Department of Computer Science, Faculty of Mathematics and Computer Science, Amirkabir University of Technology (Tehran Polytechnic), Iran.
Neural Netw. 2020 Aug;128:33-46. doi: 10.1016/j.neunet.2020.04.021. Epub 2020 Apr 25.

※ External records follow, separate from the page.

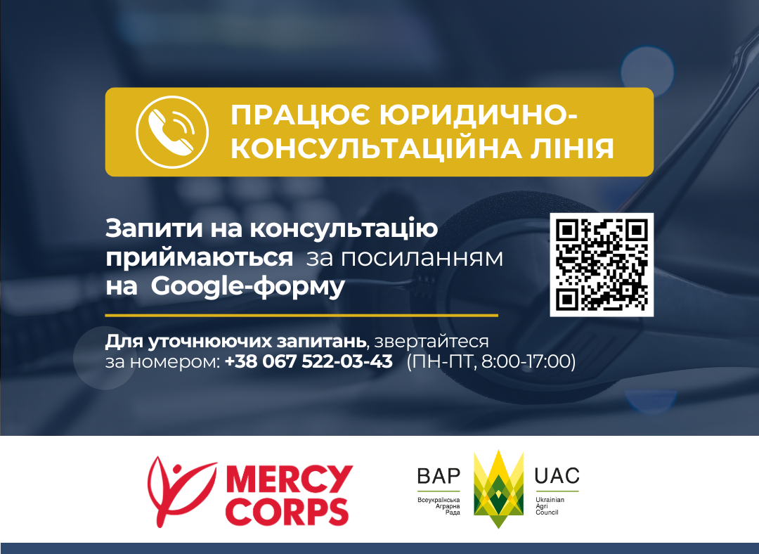Всеукраїнська аграрна рада (ВАР) відкрила юридично-консультаційну лінію для надання правових та бухгалтерських консультацій агровиробникам з постраждалих регіонів у партнерстві з міжнародною гуманітарною організацією MERCY CORPS.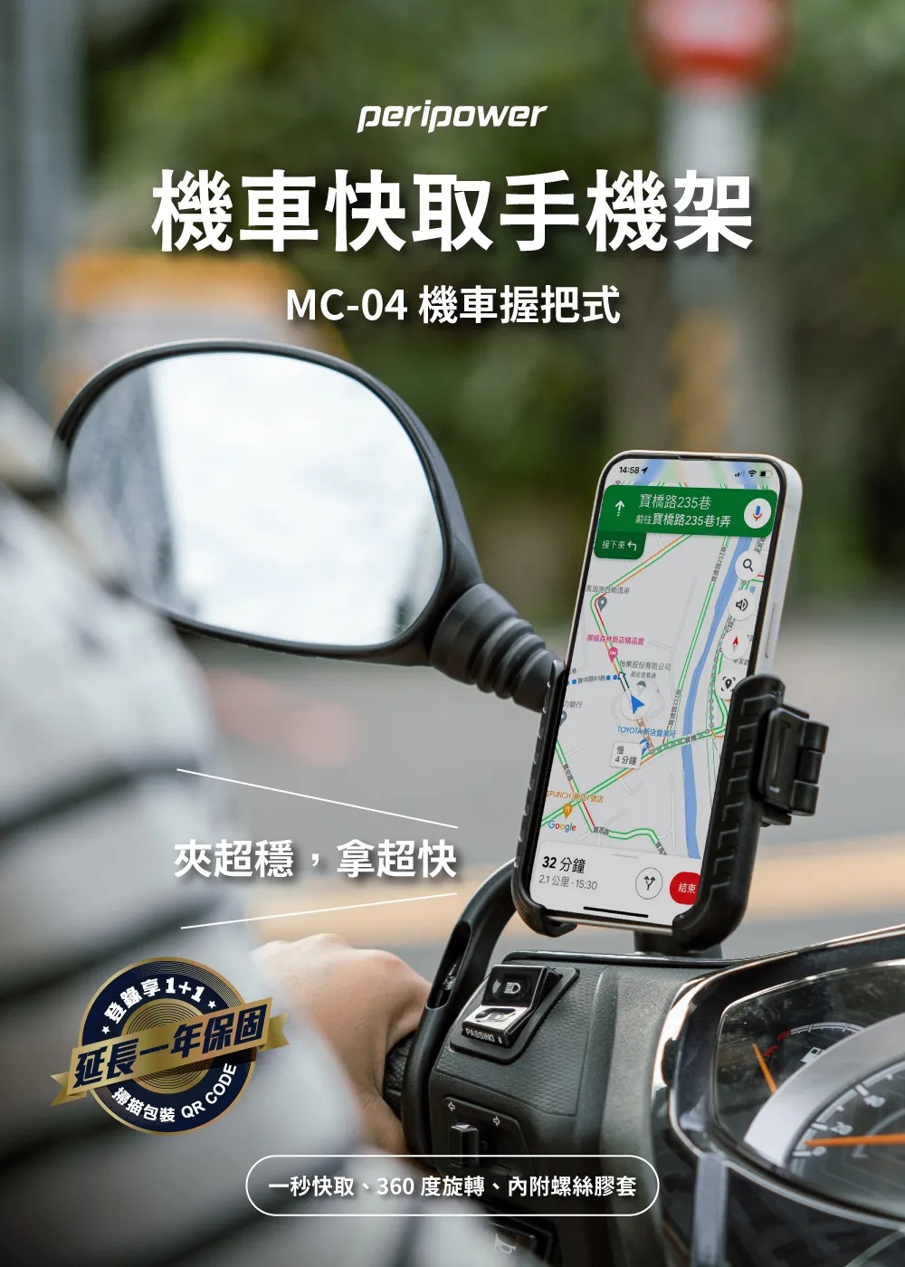 採用 鋁合金本體,結構堅固耐用,不易搖晃,適合台灣各類路況,無論是市區顛簸或山區彎道都能穩穩支撐手機。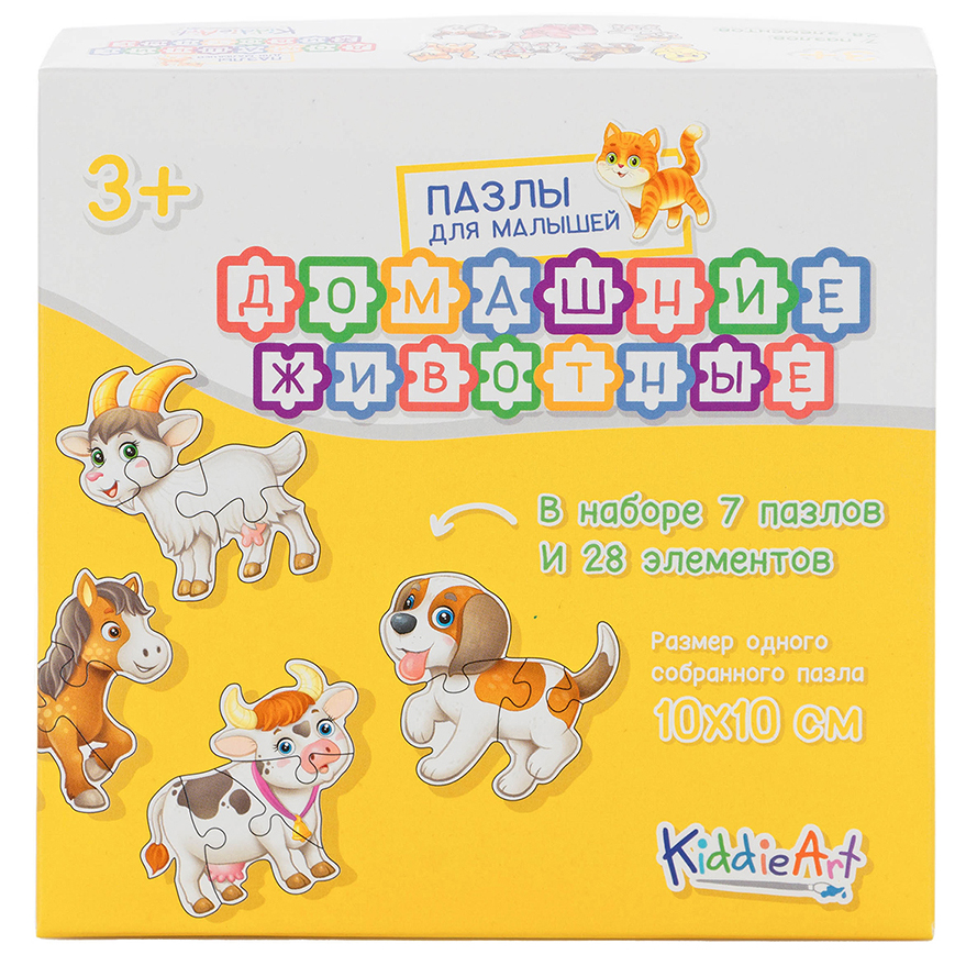 Картонные пазлы для малышей от KiddieArt – это отличный способ изучить окружающий мир. Каждый пазл выполнен в уникальном дизайне в виде персонажа (животных, фруктов, транспортных средств и прочее), собирается из нескольких деталей, с помощью которых по мере сборки можно увидеть всю головоломку размером 10x10см. Любознательный ребенок очень быстро сможет собрать 7 домашних животных из набора и узнать, кто из них обитает на ферме, а кто легко может жить в просторном доме или квартире. В набор входят 7 фигурок животных: корова, коза, свинка, цыпленок, лошадка, кот и собака. Подходит для детей от 3-х лет. Содержит 28 деталей.

Deep networks can learn complex problems, however, they suffer from overfitting. To solve this problem, regularization methods have been proposed that are not adaptable to the dynamic changes in the training process. With a different approach, this paper presents a regularization method based on the Singular Value Decomposition (SVD) that adjusts the learning model adaptively. To this end, the overfitting can be evaluated by condition numbers of the synaptic matrices. When the overfitting is high, the matrices are substituted with their SVD approximations. Some theoretical results are derived to show the performance of this regularization method. It is proved that SVD approximation cannot solve overfitting after several iterations. Thus, a new Tikhonov term is added to the loss function to converge the synaptic weights to the SVD approximation of the best-found results. Following this approach, an Adaptive SVD Regularization (ASR) is proposed to adjust the learning model with respect to the dynamic training characteristics. ASR results are visualized to show how ASR overcomes overfitting. The different configurations of Convolutional Neural Networks (CNN) are implemented with different augmentation schemes to compare ASR with state-of-the-art regularization methods. The results show that on MNIST, F-MNIST, SVHN, CIFAR-10 and CIFAR-100, the accuracies of ASR are 99.4%, 95.7%, 97.1%, 93.2% and 55.6%, respectively. Although ASR improves the overfitting and validation loss, its elapsed time is not significantly greater than the learning without regularization.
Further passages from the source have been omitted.